┏━━
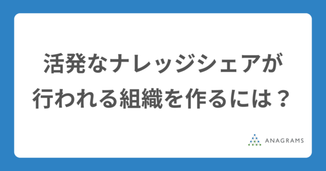 <blockquote class="wp-embedded-content" data-secret="X5qtBsueMB"><a href="https://anagrams.jp/blog/how-to-build-knowledge-sharing-culture/">活発なナレッジシェアが行われる組織を作るには?</a></blockquote><iframe sandbox="allow-scripts" security="restricted" src="https://anagrams.jp/blog/how-to-build-knowledge-sharing-culture/embed/#?secret=X5qtBsueMB" width="600" height="400" title="“活発なナレッジシェアが行われる組織を作るには?” — アナグラム株式会社" data-secret="X5qtBsueMB" frameborder="0" marginwidth="0" marginheight="0" scrolling="no" class="wp-embedded-content"></iframe><script type="text/javascript"> /* <![CDATA[ */ /*! This file is auto-generated */ !function(d,l){"use strict";l.querySelector&&d.addEventListener&&"undefined"!=typeof URL&&(d.wp=d.wp||{},d.wp.receiveEmbedMessage||(d.wp.receiveEmbedMessage=function(e){var t=e.data;if((t||t.secret||t.message||t.value)&&!/[^a-zA-Z0-9]/.test(t.secret)){for(var s,r,n,a=l.querySelectorAll('iframe[data-secret="'+t.secret+'"]'),o=l.querySelectorAll('blockquote[data-secret="'+t.secret+'"]'),c=new RegExp("^https?:$","i"),i=0;i<o.length;i++)o[i].style.display="none";for(i=0;i<a.length;i++)s=a[i],e.source===s.contentWindow&&(s.removeAttribute("style"),"height"===t.message?(1e3<(r=parseInt(t.value,10))?r=1e3:~~r<200&&(r=200),s.height=r):"link"===t.message&&(r=new URL(s.getAttribute("src")),n=new URL(t.value),c.test(n.protocol))&&n.host===r.host&&l.activeElement===s&&(d.top.location.href=t.value))}},d.addEventListener("message",d.wp.receiveEmbedMessage,!1),l.addEventListener("DOMContentLoaded",function(){for(var e,t,s=l.querySelectorAll("iframe.wp-embedded-content"),r=0;r<s.length;r++)(t=(e=s[r]).getAttribute("data-secret"))||(t=Math.random().toString(36).substring(2,12),e.src+="#?secret="+t,e.setAttribute("data-secret",t)),e.contentWindow.postMessage({message:"ready",secret:t},"*")},!1)))}(window,document); /* ]]> */ </script>
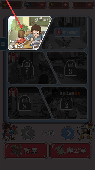 1、選擇新學期大掃除關卡,開啟校園找茬冒險,后續關卡需解鎖后可體驗。
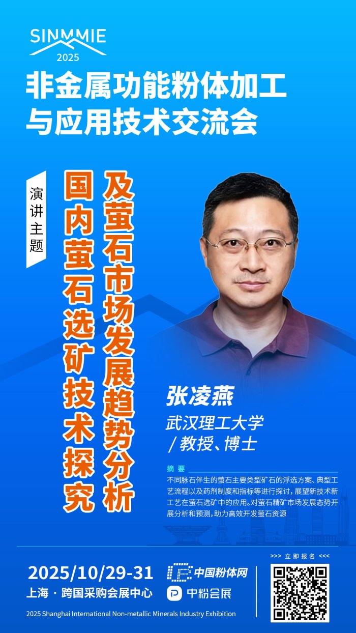 10月29-31日,北京粉體技術協會、柏德英思展覽(上海)有限公司、山東中粉會展服務有限公司將在上海跨國采購會展中心聯合主辦“上海國際非金屬礦工業展覽會(SINMMIE2025)”,展會現場將同期舉辦“非金屬功能粉體加工與應用技術交流會”,屆時將邀請武漢理工大學張凌燕教授作《國內螢石選礦技術探究及螢石市場發展趨勢分析》主題報告,分析國內螢石資源現狀和特征,對不同脈石伴生的螢石主要類型礦石的浮選方案、典型工藝流程以及藥劑制度和指標等進行探討,展望新技術新工藝在螢石選礦中的應用。同時對螢石精礦市場發展態勢開展分析和預測,為螢石資源的高效開發提供基礎性信息。
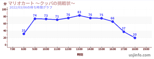 • マリオカート ~クッパの挑戦状~$B$N(B2022年03月06日の待ち時間
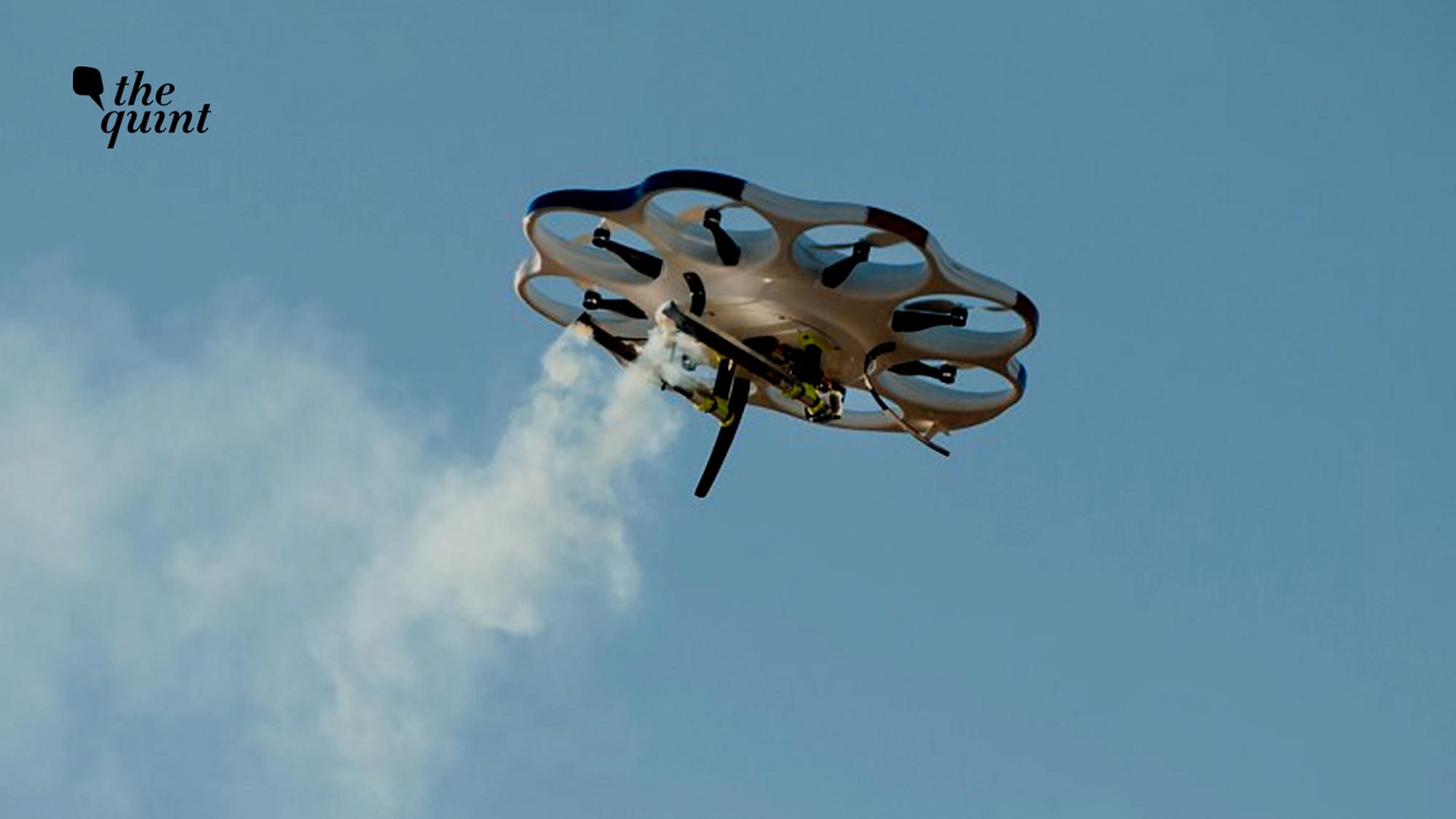 El humo blanco que emana de este dron no denota que esté sufriendo problemas sino que ha activado dos bengalas que dispersan en el aire un cargamento químico que promueve la condensación de la humedad del aire en partículas conocidas como núcleos de condensación.
┗━━
**WORK REQUEST**
Reproduce verbatim the opening line of the material and every line after it, up to and including the line with "1、選擇新學期大掃除關卡,開啟校園找茬冒險,后續關卡需解鎖后可體驗。", but no pictures.

**EXERCISE ANSWER**
 <blockquote class="wp-embedded-content" data-secret="X5qtBsueMB"><a href="https://anagrams.jp/blog/how-to-build-knowledge-sharing-culture/">活発なナレッジシェアが行われる組織を作るには?</a></blockquote><iframe sandbox="allow-scripts" security="restricted" src="https://anagrams.jp/blog/how-to-build-knowledge-sharing-culture/embed/#?secret=X5qtBsueMB" width="600" height="400" title="“活発なナレッジシェアが行われる組織を作るには?” — アナグラム株式会社" data-secret="X5qtBsueMB" frameborder="0" marginwidth="0" marginheight="0" scrolling="no" class="wp-embedded-content"></iframe><script type="text/javascript"> /* <![CDATA[ */ /*! This file is auto-generated */ !function(d,l){"use strict";l.querySelector&&d.addEventListener&&"undefined"!=typeof URL&&(d.wp=d.wp||{},d.wp.receiveEmbedMessage||(d.wp.receiveEmbedMessage=function(e){var t=e.data;if((t||t.secret||t.message||t.value)&&!/[^a-zA-Z0-9]/.test(t.secret)){for(var s,r,n,a=l.querySelectorAll('iframe[data-secret="'+t.secret+'"]'),o=l.querySelectorAll('blockquote[data-secret="'+t.secret+'"]'),c=new RegExp("^https?:$","i"),i=0;i<o.length;i++)o[i].style.display="none";for(i=0;i<a.length;i++)s=a[i],e.source===s.contentWindow&&(s.removeAttribute("style"),"height"===t.message?(1e3<(r=parseInt(t.value,10))?r=1e3:~~r<200&&(r=200),s.height=r):"link"===t.message&&(r=new URL(s.getAttribute("src")),n=new URL(t.value),c.test(n.protocol))&&n.host===r.host&&l.activeElement===s&&(d.top.location.href=t.value))}},d.addEventListener("message",d.wp.receiveEmbedMessage,!1),l.addEventListener("DOMContentLoaded",function(){for(var e,t,s=l.querySelectorAll("iframe.wp-embedded-content"),r=0;r<s.length;r++)(t=(e=s[r]).getAttribute("data-secret"))||(t=Math.random().toString(36).substring(2,12),e.src+="#?secret="+t,e.setAttribute("data-secret",t)),e.contentWindow.postMessage({message:"ready",secret:t},"*")},!1)))}(window,document); /* ]]> */ </script>
 1、選擇新學期大掃除關卡,開啟校園找茬冒險,后續關卡需解鎖后可體驗。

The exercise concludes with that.